WHAT IS REQUIRED
Without including any pictures, retype exactly the lines from the top of the records through the line containing "Well kept and", that final line included.

DATA FOR THE TASK
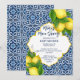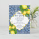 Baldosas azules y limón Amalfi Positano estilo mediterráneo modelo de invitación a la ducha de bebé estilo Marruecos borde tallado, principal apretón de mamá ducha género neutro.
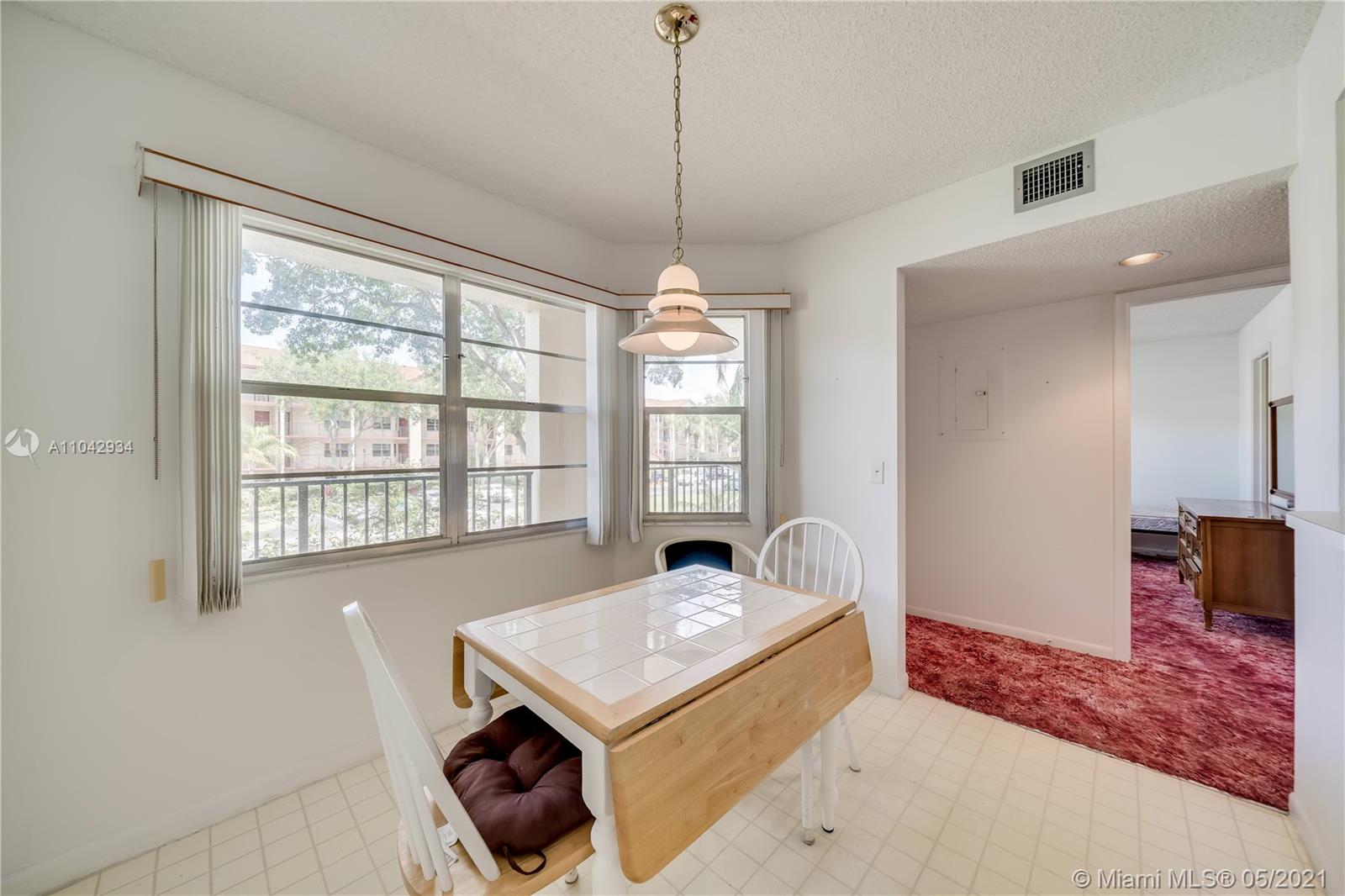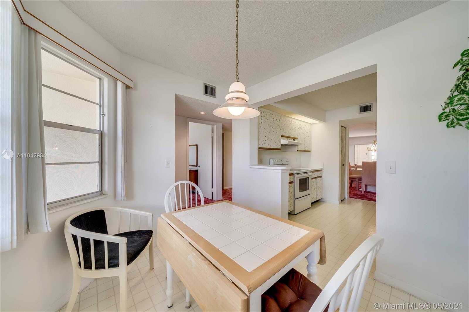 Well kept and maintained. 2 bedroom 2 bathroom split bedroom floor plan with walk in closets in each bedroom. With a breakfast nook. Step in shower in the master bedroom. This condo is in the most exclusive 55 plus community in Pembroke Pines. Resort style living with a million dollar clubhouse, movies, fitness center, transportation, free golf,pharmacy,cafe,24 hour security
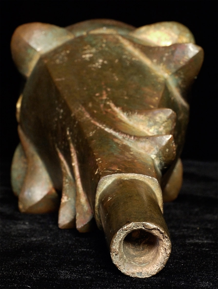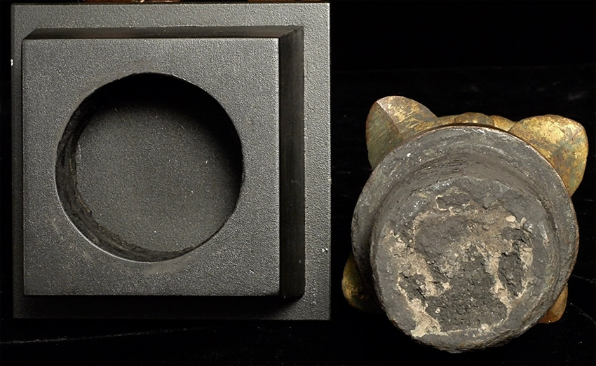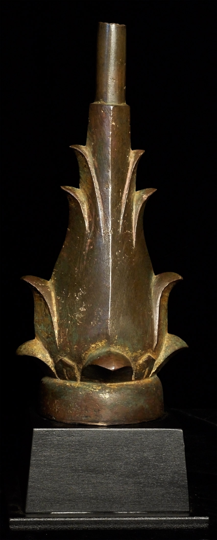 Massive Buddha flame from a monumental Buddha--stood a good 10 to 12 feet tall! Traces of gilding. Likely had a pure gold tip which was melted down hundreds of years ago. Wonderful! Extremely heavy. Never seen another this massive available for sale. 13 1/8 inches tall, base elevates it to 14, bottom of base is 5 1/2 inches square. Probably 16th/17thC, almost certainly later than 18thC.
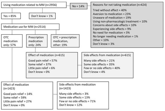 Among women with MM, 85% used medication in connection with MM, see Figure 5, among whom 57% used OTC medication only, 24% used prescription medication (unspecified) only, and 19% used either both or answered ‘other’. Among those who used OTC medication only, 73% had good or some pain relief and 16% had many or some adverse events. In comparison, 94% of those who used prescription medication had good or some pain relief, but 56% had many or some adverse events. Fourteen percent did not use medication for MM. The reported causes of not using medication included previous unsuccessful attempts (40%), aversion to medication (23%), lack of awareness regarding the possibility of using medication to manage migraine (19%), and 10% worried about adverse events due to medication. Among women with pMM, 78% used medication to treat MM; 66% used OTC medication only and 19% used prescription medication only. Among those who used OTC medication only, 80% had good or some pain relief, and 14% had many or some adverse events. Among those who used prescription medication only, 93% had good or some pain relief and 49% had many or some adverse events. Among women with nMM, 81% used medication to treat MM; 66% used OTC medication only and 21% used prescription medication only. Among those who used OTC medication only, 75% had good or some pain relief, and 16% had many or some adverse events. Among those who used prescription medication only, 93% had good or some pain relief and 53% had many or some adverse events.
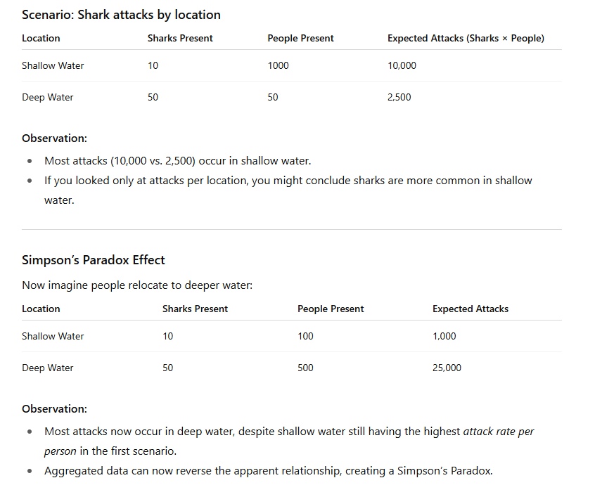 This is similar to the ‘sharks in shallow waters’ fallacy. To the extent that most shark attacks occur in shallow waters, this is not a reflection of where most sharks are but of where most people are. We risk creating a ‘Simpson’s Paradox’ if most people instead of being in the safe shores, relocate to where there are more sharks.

RESULT FOR THIS TASK
 Baldosas azules y limón Amalfi Positano estilo mediterráneo modelo de invitación a la ducha de bebé estilo Marruecos borde tallado, principal apretón de mamá ducha género neutro.
 Well kept and maintained. 2 bedroom 2 bathroom split bedroom floor plan with walk in closets in each bedroom. With a breakfast nook. Step in shower in the master bedroom. This condo is in the most exclusive 55 plus community in Pembroke Pines. Resort style living with a million dollar clubhouse, movies, fitness center, transportation, free golf,pharmacy,cafe,24 hour security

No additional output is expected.